The plan for this lesson is:
We'll see what the Winows phone simulator is, and how it can provide different versions for different deployment scenarios.
We'll look at the simulator's capabilities, including the keyboard shortcuts for simulating device buttons.
We will learn how to resize, rotate, and simulate the behavior of physical devices on virtual devices, just as virtual devices support accelerometers, GPS, and so on.
1. What is Windows phone simulator?
In short, the Windows Phone emulator is a desktop application that simulates Windows Phone devices and provides performance similar to the physical Windows Phone device. It provides a virtualized environment that allows you to debug and test your Windows Phone application without a physical device. In fact, as I said in the first installment of Windows Phone 8, it runs Microsoft Hyper-V. To get more information about Hyper-V on Windows 8, you can refer to this blog from the Windows 8 team
Bring Hyper-V to winows 8 (bringing Hyper-V to "Windows 8")
While the simulator is very effective for development and rapid debugging, Microsoft recommends that you test your application on a real phone before you post the application to the WindowsPhone App Store.
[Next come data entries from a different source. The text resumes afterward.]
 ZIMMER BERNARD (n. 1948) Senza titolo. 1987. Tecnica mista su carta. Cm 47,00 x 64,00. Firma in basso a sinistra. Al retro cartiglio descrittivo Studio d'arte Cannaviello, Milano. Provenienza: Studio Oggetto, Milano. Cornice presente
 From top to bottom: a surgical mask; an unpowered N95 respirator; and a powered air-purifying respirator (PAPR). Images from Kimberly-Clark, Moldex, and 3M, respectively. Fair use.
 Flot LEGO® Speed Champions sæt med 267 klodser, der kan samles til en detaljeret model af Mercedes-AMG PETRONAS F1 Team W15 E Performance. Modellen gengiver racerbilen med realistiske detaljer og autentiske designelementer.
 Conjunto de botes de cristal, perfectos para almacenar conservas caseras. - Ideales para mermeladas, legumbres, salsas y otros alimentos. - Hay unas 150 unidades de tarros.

2. Choose different versions of the simulator for debugging
So far, when we click the Run/Debug button on the Visual Studio toolbar, we run the simulator under the default configuration, known as wvga512m.
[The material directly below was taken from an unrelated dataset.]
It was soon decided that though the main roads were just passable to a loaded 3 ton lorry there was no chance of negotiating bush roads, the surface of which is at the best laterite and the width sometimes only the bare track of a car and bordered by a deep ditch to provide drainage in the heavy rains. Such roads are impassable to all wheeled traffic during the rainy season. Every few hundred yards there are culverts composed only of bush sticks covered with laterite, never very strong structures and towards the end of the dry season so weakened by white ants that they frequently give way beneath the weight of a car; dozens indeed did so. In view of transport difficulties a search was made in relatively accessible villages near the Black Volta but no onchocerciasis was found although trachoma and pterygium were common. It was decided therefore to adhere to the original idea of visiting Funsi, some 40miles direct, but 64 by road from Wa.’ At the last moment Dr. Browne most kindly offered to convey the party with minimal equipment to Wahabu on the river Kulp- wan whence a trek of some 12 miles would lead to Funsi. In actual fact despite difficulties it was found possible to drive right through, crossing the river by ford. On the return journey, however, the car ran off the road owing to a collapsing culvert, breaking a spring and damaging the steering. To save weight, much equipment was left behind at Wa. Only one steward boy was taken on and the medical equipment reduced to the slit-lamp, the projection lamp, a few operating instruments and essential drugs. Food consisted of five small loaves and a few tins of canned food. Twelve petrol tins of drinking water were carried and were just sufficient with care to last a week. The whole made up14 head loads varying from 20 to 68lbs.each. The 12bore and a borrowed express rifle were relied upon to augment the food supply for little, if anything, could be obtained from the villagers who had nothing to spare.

What does WVGA and 512MB mean?
512M indicates that we are running in a memory-constrained environment, the default emulator image in Visual Studio is the WVGA 512M emulator, which simulates a memory-constrained Windows Phone 8 phone. For example, Lumia 610 is a cheap entry-level Windows Phone 8 device that supports only 256MB of memory. Instead Lumia 920 has 1GB of RAM. On low memory devices, it can cause performance problems when multiple applications run at the same time or create a memory-intensive application. So to make sure your application is running well on a low memory device, you can use this real-world emulator image to test your application.
There are a lot of good articles about memory usage on MSDN, and you can start with the following articles for more information:
Windows Phone Application performance considerations (app performance considerations for Windows phone)
http://msdn.microsoft.com/en-us/library/windowsphone/develop/ff967560 (v=vs.105). aspx
Application optimization for Low-cost devices (optimizing Apps for Lower cost Devices)
What does "WVGA" and other abbreviations stand for?
The emulator allows you to test your application on a unique emulator image for each screen resolution supported by Windows Phone. The default selection encourages you to position your Windows Phone 8 application target in the largest market.